(Data listing):
━━━━━━━━━━
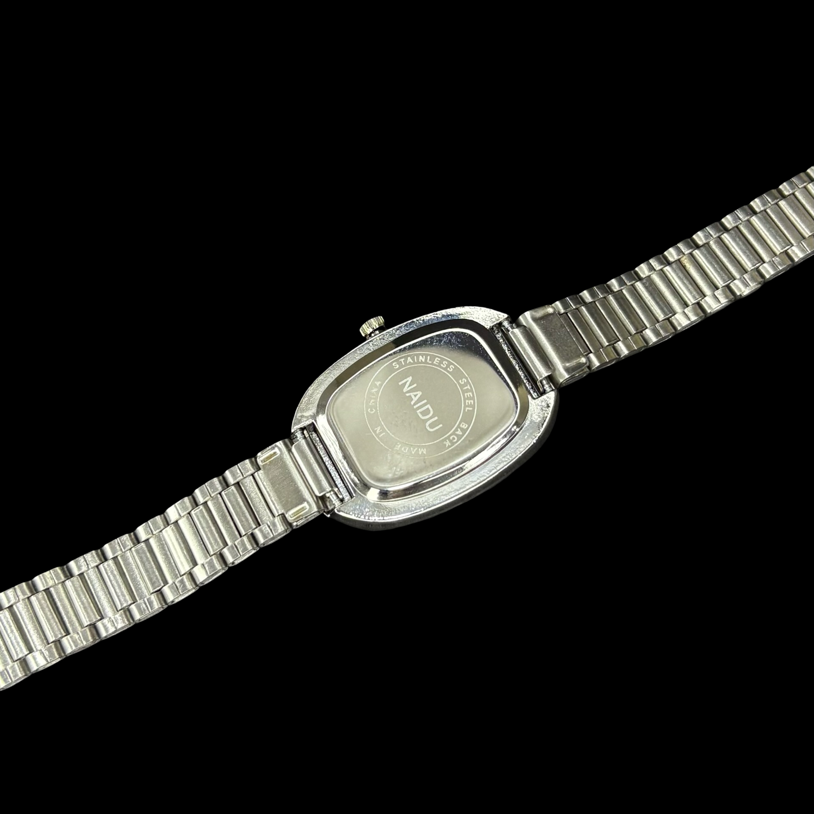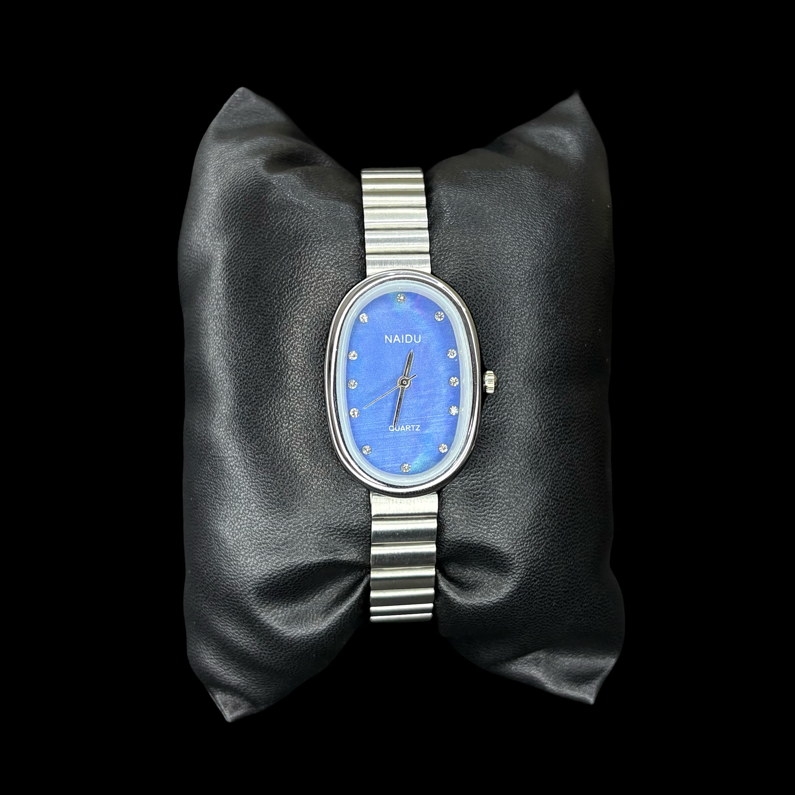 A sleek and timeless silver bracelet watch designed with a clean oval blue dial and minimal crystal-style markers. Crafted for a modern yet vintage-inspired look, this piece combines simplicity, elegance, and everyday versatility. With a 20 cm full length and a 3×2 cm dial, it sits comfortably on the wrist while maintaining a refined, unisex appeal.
━━━━━━━━━━
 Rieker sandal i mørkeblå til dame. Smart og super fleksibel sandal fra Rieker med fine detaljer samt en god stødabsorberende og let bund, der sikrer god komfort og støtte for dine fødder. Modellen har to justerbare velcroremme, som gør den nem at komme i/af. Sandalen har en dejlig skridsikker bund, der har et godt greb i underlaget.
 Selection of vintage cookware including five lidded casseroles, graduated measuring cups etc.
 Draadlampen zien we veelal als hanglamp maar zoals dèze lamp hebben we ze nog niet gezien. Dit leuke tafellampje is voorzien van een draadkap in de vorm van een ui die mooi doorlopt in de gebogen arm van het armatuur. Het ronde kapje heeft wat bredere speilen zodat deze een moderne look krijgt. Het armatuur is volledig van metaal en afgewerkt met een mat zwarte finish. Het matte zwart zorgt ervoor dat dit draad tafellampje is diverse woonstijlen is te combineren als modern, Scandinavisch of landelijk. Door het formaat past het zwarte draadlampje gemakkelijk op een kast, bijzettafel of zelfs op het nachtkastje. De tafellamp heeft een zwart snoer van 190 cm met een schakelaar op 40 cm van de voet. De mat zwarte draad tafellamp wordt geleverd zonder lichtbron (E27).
━━━━━━━━━━
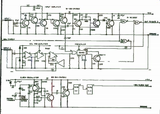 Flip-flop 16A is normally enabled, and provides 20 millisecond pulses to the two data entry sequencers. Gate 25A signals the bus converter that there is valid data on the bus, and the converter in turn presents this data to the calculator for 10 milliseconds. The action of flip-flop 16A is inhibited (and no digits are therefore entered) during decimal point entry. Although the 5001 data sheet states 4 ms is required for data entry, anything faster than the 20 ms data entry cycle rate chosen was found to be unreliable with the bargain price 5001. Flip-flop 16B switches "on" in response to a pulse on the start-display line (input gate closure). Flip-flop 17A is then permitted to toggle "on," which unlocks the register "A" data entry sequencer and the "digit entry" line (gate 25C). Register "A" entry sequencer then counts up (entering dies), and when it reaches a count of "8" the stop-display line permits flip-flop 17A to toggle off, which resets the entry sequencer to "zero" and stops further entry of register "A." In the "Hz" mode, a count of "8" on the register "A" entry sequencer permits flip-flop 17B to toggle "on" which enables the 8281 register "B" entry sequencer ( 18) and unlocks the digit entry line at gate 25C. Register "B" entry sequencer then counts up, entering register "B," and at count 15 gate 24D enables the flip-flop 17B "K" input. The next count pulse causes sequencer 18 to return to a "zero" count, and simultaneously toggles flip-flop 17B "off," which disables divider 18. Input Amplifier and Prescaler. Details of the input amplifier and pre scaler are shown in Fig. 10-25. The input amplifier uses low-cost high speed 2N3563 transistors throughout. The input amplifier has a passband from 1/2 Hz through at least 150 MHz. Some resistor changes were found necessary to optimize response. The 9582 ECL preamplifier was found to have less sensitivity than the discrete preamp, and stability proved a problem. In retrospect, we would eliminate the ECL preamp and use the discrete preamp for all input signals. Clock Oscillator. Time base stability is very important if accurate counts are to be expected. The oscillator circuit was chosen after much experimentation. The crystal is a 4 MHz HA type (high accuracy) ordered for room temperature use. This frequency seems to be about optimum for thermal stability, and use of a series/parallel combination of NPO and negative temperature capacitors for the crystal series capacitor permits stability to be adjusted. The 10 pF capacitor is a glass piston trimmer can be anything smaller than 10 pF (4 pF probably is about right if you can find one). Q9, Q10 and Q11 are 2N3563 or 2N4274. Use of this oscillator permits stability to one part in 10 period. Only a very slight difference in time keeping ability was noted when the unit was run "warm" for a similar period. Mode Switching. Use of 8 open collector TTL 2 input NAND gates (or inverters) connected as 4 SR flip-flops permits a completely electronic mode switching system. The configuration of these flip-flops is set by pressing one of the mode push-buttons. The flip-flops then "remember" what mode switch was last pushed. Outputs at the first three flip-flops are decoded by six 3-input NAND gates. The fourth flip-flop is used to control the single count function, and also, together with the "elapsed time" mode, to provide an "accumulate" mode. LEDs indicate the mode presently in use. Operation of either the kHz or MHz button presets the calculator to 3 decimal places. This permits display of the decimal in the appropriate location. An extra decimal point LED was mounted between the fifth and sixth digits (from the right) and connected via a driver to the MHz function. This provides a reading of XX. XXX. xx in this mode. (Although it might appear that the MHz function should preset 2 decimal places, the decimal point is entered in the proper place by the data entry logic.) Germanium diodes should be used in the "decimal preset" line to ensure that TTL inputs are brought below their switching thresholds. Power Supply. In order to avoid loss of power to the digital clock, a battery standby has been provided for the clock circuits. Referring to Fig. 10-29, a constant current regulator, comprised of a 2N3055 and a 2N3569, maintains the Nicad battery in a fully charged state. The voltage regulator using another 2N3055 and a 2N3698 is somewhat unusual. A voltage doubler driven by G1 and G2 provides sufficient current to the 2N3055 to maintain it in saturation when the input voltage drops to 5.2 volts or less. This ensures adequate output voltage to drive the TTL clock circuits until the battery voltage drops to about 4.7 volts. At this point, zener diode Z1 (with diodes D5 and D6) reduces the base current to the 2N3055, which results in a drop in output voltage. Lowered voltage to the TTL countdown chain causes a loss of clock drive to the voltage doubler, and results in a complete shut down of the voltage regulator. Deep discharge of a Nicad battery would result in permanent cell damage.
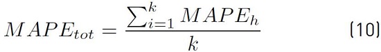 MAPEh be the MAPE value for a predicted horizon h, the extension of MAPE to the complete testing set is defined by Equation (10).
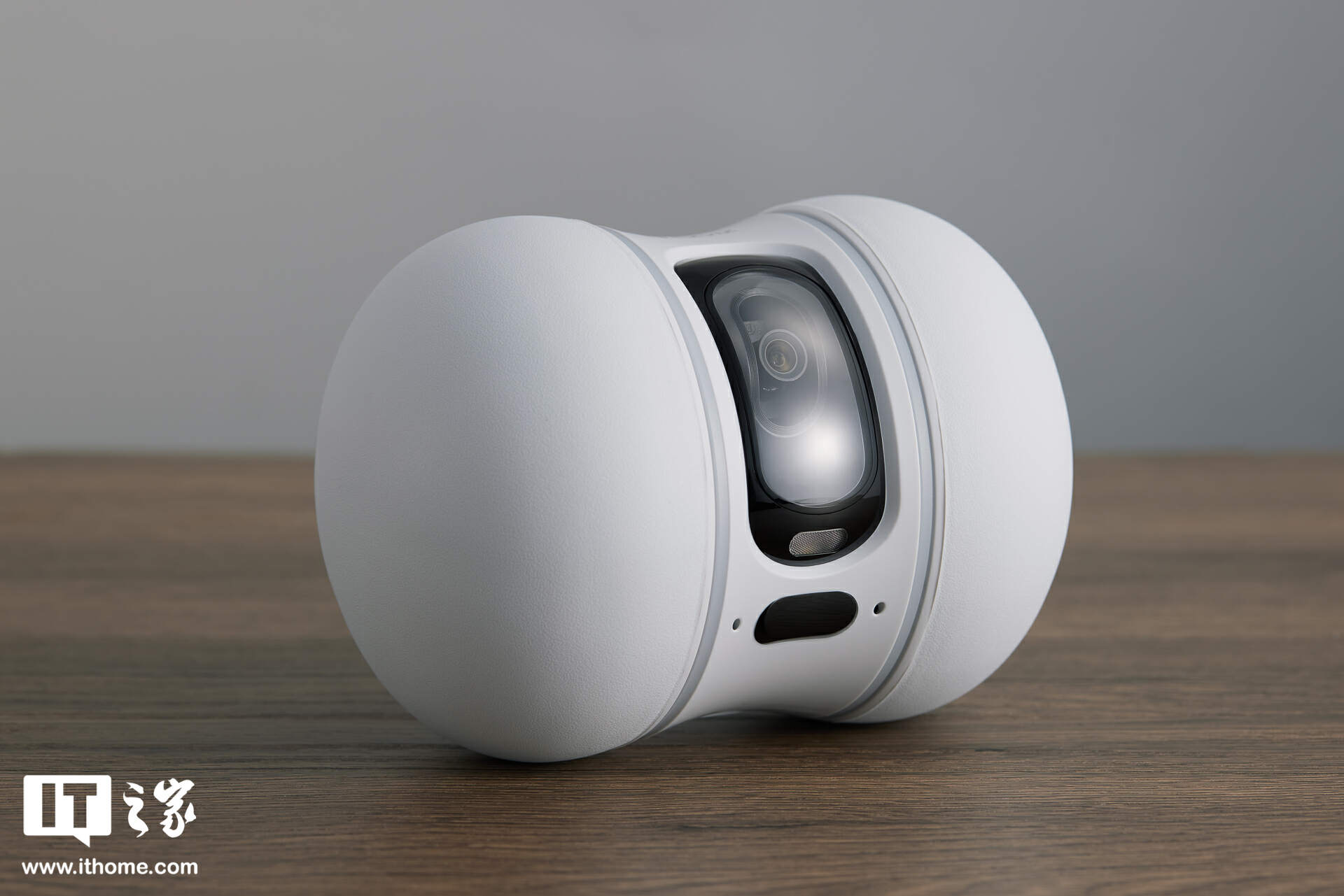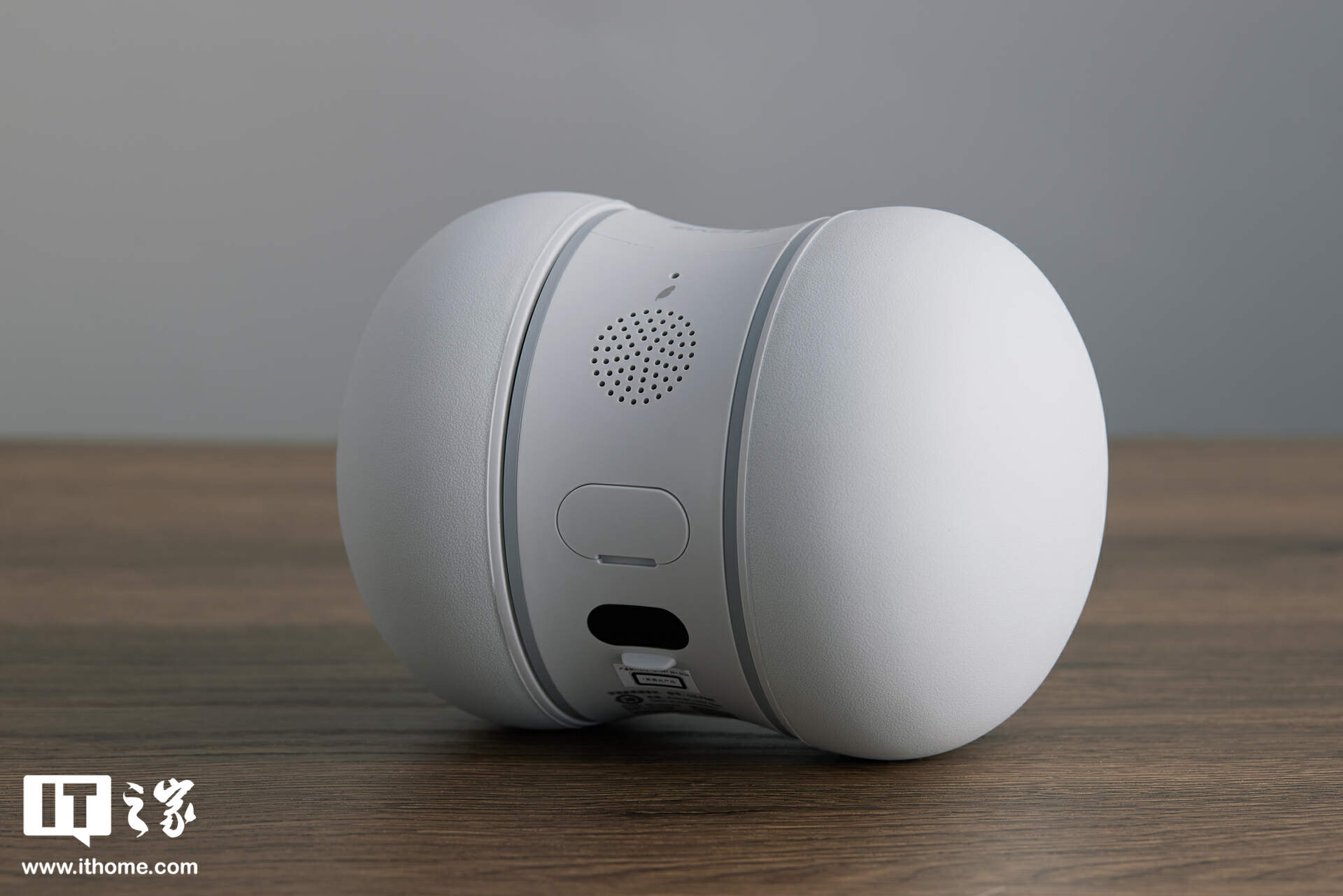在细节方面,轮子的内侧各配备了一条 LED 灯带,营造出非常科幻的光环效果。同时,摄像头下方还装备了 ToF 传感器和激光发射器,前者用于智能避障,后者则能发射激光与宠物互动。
━━━━━━━━━━
(How to complete this task): When you reach the line with "Rieker sandal i" in the records above, start writing out lines exactly, and stop once the line with "Draadlampen zien we" has been written; include nothing else.

(Task answer):
 Rieker sandal i mørkeblå til dame. Smart og super fleksibel sandal fra Rieker med fine detaljer samt en god stødabsorberende og let bund, der sikrer god komfort og støtte for dine fødder. Modellen har to justerbare velcroremme, som gør den nem at komme i/af. Sandalen har en dejlig skridsikker bund, der har et godt greb i underlaget.
 Selection of vintage cookware including five lidded casseroles, graduated measuring cups etc.
 Draadlampen zien we veelal als hanglamp maar zoals dèze lamp hebben we ze nog niet gezien. Dit leuke tafellampje is voorzien van een draadkap in de vorm van een ui die mooi doorlopt in de gebogen arm van het armatuur. Het ronde kapje heeft wat bredere speilen zodat deze een moderne look krijgt. Het armatuur is volledig van metaal en afgewerkt met een mat zwarte finish. Het matte zwart zorgt ervoor dat dit draad tafellampje is diverse woonstijlen is te combineren als modern, Scandinavisch of landelijk. Door het formaat past het zwarte draadlampje gemakkelijk op een kast, bijzettafel of zelfs op het nachtkastje. De tafellamp heeft een zwart snoer van 190 cm met een schakelaar op 40 cm van de voet. De mat zwarte draad tafellamp wordt geleverd zonder lichtbron (E27).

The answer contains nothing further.